Data provided below:
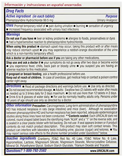 ReleaseDate : 2016-01-02 Studio : Alva-Amco Pharmacal Cos., Inc Publisher : Alva-Amco Pharmacal Cos., Inc Binding : Health and Beauty Product Description Uricalm?Maximum Strength Tablets provide the maximum non-prescription strength of clinically proven Phenazopyridine HCI to relieve pain, burning, increased frequency, and sensation of urgency associated with urinary tract infections.?Uricalm Max?has 99.5 mg of Phenazopyridine HCI ? no other OTC brand contains more of this highly effective medicine that works right at the source of UTI pain. Plus, Uricalm Max?contains cranberry, which is used extensively by those concerned about urinary tract health. 0
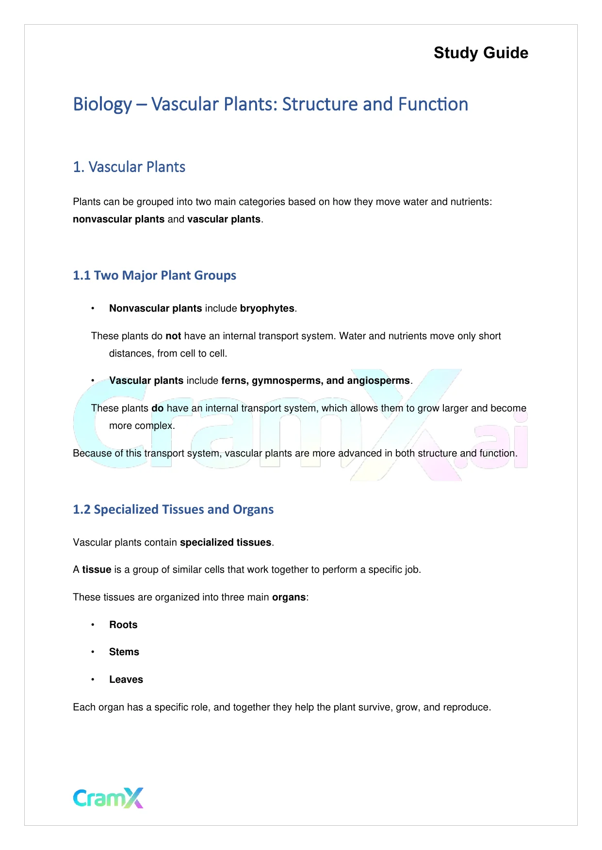 This document provides study materials related to Biology - Vascular Plants Structure and Function. It may include explanations, summarized notes, examples, or practice questions designed to help students understand key concepts and review important topics covered in their coursework.
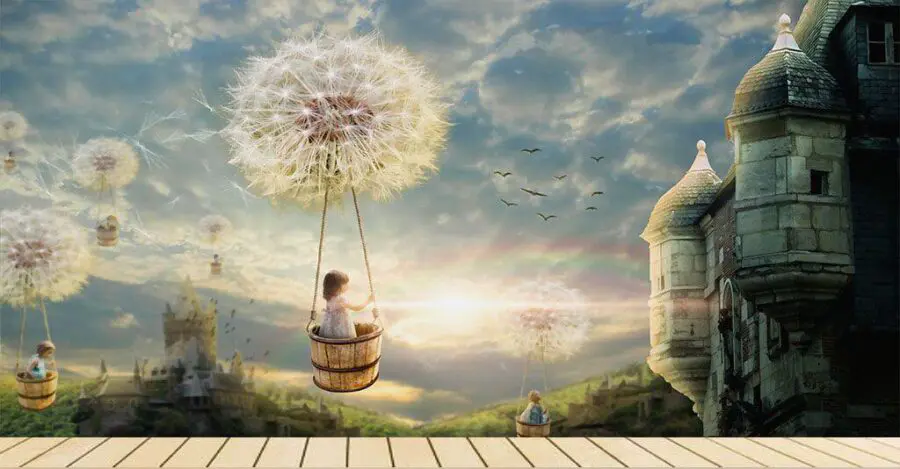Fototapet Fată într-un coș pe un leagăn cu o păpădie în cer
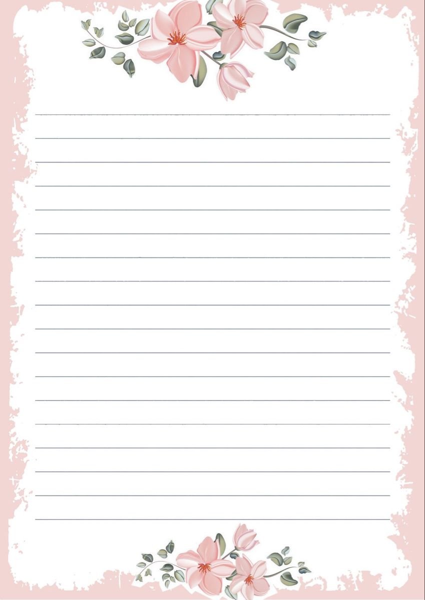 Stationery Paper with Pink Flowers on the Top and Bottom Edges.
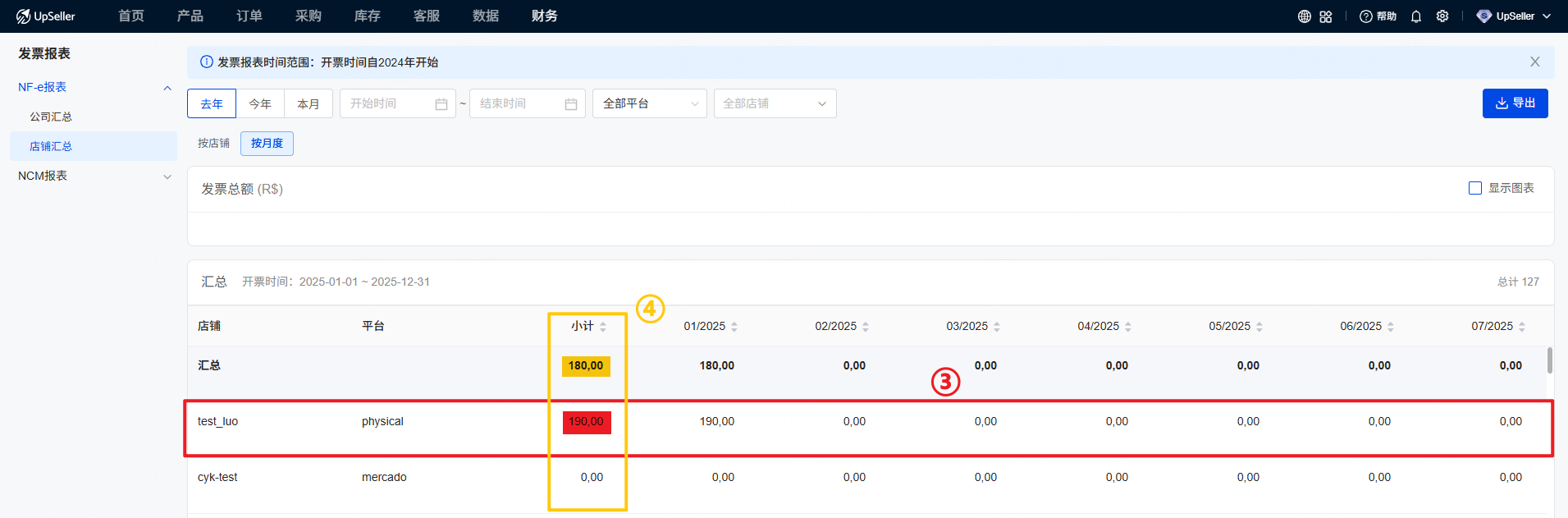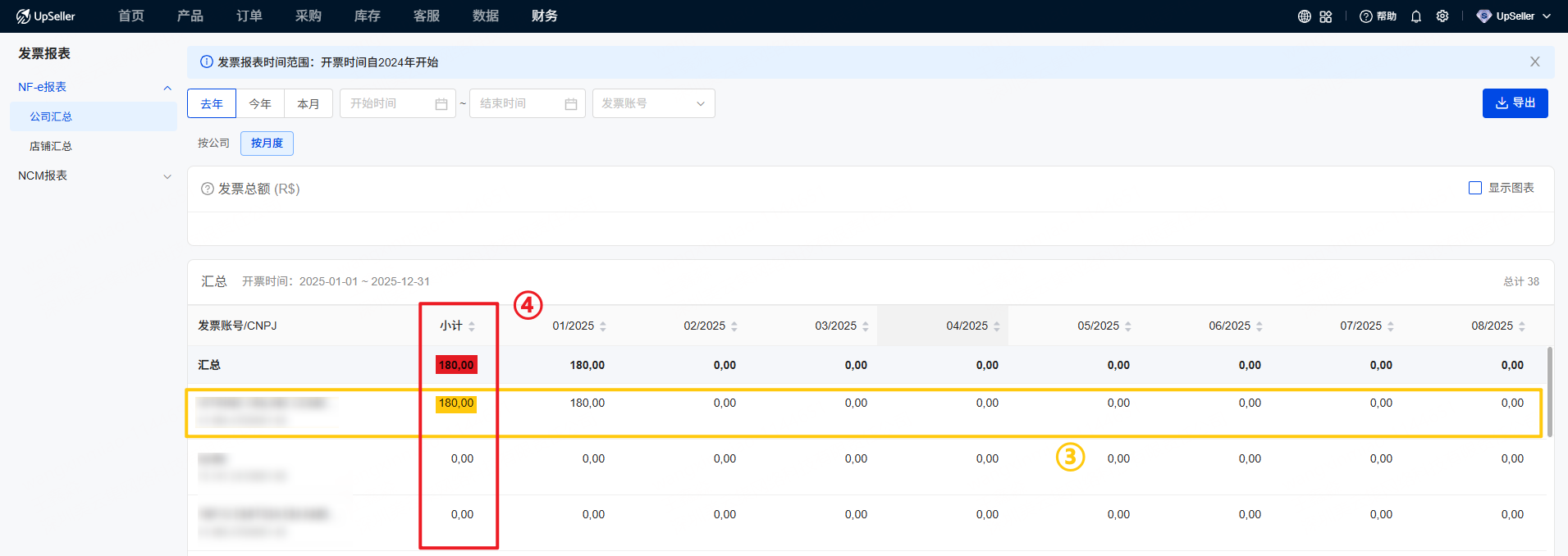 4、店铺汇总 — 按月度(统计展示各公司每个月的发票总额)
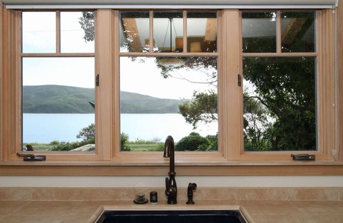the custom designed lodge home has aged cedar timbers vaulting all ceilings; decks, panoramic windows capture western seashore, bay views, and magical sunsets Barracca is a great private get away spot for a family, intimate reunions of friends, or couples seeking a very private romantic country retreat.
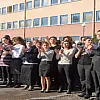 Fakülte binası girişinde toplanan yaklaşık 200 Almanca ve Fransızca bölümü öğrencisi, atanamama problemini alkışlarla protesto etti. Öğrenciler adına konuşan eğitim fakültesi Fransızca bölümü 4. sınıf öğrencisi Taner Ganık, protesto gösterisiyle yıllardır mahrum kaldıkları atama haklarını lehlerine çevirmeyi amaçladıklarını söyledi. Her yıl bölümlerine giriş kontenjanının artırıldığını, puanların geri çekildiğini hatırlatan Ganık, "Bütün bunlar, yıllardır sarf ettiğimiz maddi manevi çabaların boşa gittiği anlamına gelmektedir. Bütün öğretmen adaylarının yakındığı KPSS var. Bu sınavdan 100 üzerinden 100 alsak dahi, sonuç alamamanın cevabını bize kim verecek. Bizler, karanlıkta kaybolan meçhul öğretmenler olmak istemiyoruz. Güneş bizim için ne zaman doğacak?" dedi.
End of Data provided.
## Exercise requirements
When copying from the data above, begin at the line containing "Fototapet Fată într-un" and end at the line containing "the custom designed"; return those lines exactly and leave all pictures behind.

## Output for this exercise
Fototapet Fată într-un coș pe un leagăn cu o păpădie în cer
 Stationery Paper with Pink Flowers on the Top and Bottom Edges.
 4、店铺汇总 — 按月度(统计展示各公司每个月的发票总额)
the custom designed lodge home has aged cedar timbers vaulting all ceilings; decks, panoramic windows capture western seashore, bay views, and magical sunsets Barracca is a great private get away spot for a family, intimate reunions of friends, or couples seeking a very private romantic country retreat.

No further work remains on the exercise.